# PROBLEM DETAILS
From the entries below, reproduce exactly the lines from the one with "青島市文化館精心組織的由文化" through the one with "Трапезният стол VALGA", both included, without images.

# EXCERPTED DATA
• • • •

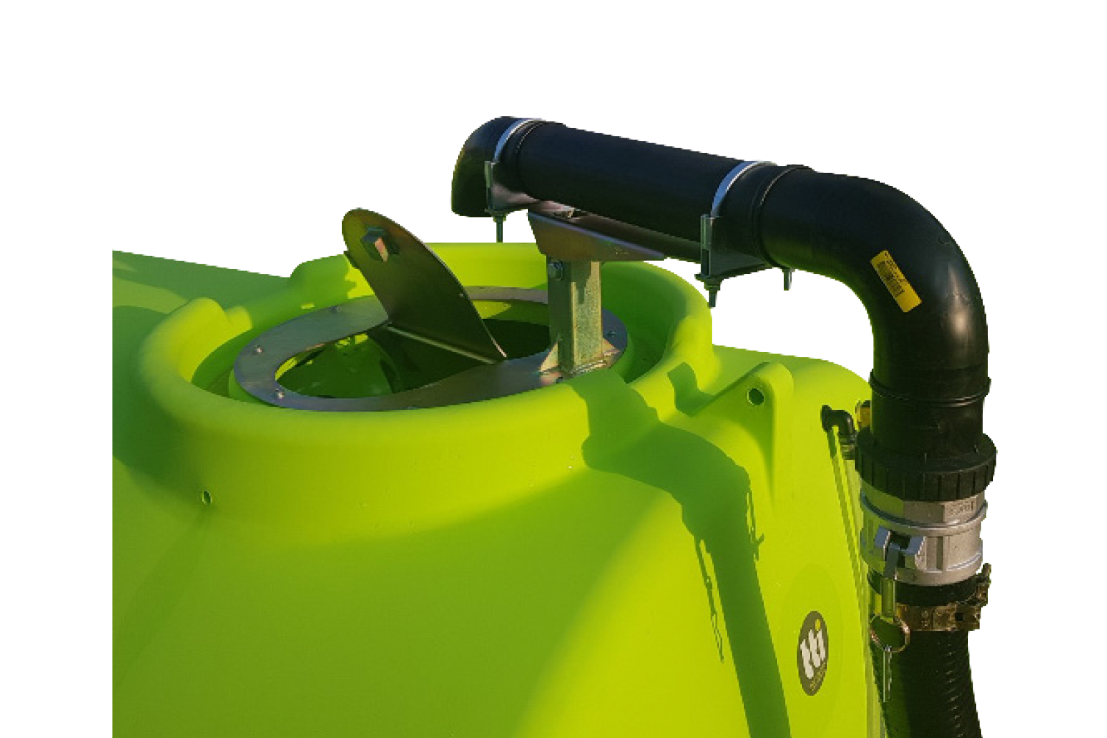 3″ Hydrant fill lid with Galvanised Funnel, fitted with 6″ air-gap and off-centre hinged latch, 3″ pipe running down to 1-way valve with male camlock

• • • •

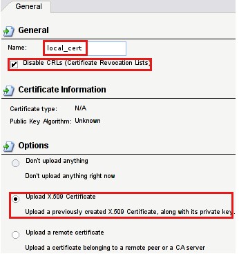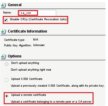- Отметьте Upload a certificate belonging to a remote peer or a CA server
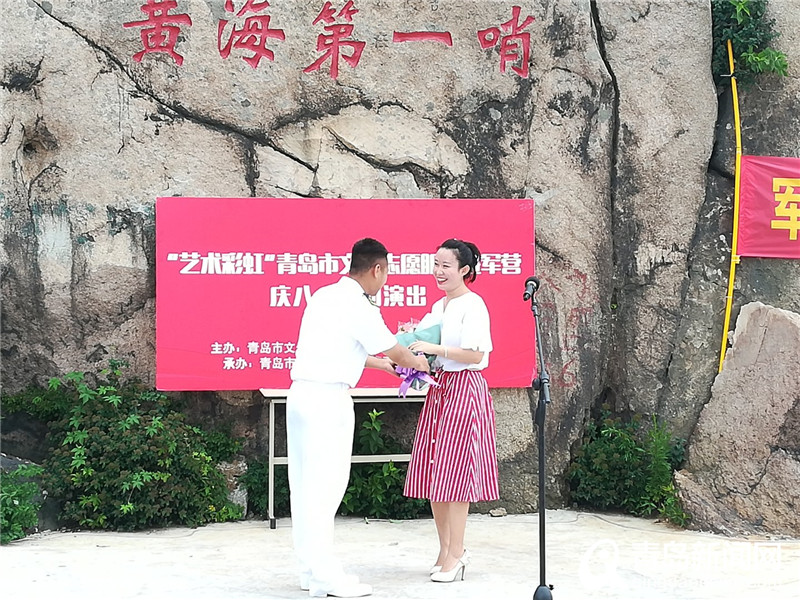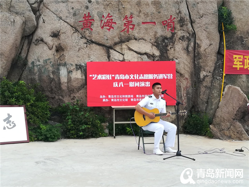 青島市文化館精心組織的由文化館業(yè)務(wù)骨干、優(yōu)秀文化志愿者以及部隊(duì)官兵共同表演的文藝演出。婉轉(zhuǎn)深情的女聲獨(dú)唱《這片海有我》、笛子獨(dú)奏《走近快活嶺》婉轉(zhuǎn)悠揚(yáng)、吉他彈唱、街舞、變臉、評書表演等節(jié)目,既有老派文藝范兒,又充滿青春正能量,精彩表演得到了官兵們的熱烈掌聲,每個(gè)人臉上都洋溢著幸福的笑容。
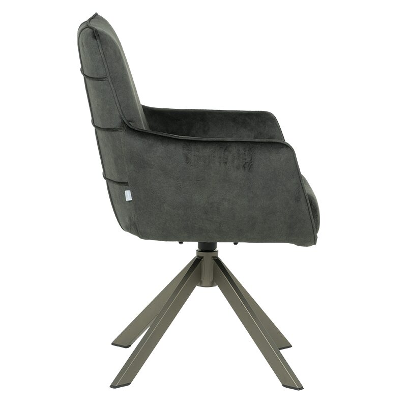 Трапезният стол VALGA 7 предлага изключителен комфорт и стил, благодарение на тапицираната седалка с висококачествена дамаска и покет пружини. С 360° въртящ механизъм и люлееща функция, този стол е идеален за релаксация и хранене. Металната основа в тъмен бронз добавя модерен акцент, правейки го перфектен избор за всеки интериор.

• • • •

# SOLUTION FOR THIS PROBLEM
 青島市文化館精心組織的由文化館業(yè)務(wù)骨干、優(yōu)秀文化志愿者以及部隊(duì)官兵共同表演的文藝演出。婉轉(zhuǎn)深情的女聲獨(dú)唱《這片海有我》、笛子獨(dú)奏《走近快活嶺》婉轉(zhuǎn)悠揚(yáng)、吉他彈唱、街舞、變臉、評書表演等節(jié)目,既有老派文藝范兒,又充滿青春正能量,精彩表演得到了官兵們的熱烈掌聲,每個(gè)人臉上都洋溢著幸福的笑容。
 Трапезният стол VALGA 7 предлага изключителен комфорт и стил, благодарение на тапицираната седалка с висококачествена дамаска и покет пружини. С 360° въртящ механизъм и люлееща функция, този стол е идеален за релаксация и хранене. Металната основа в тъмен бронз добавя модерен акцент, правейки го перфектен избор за всеки интериор.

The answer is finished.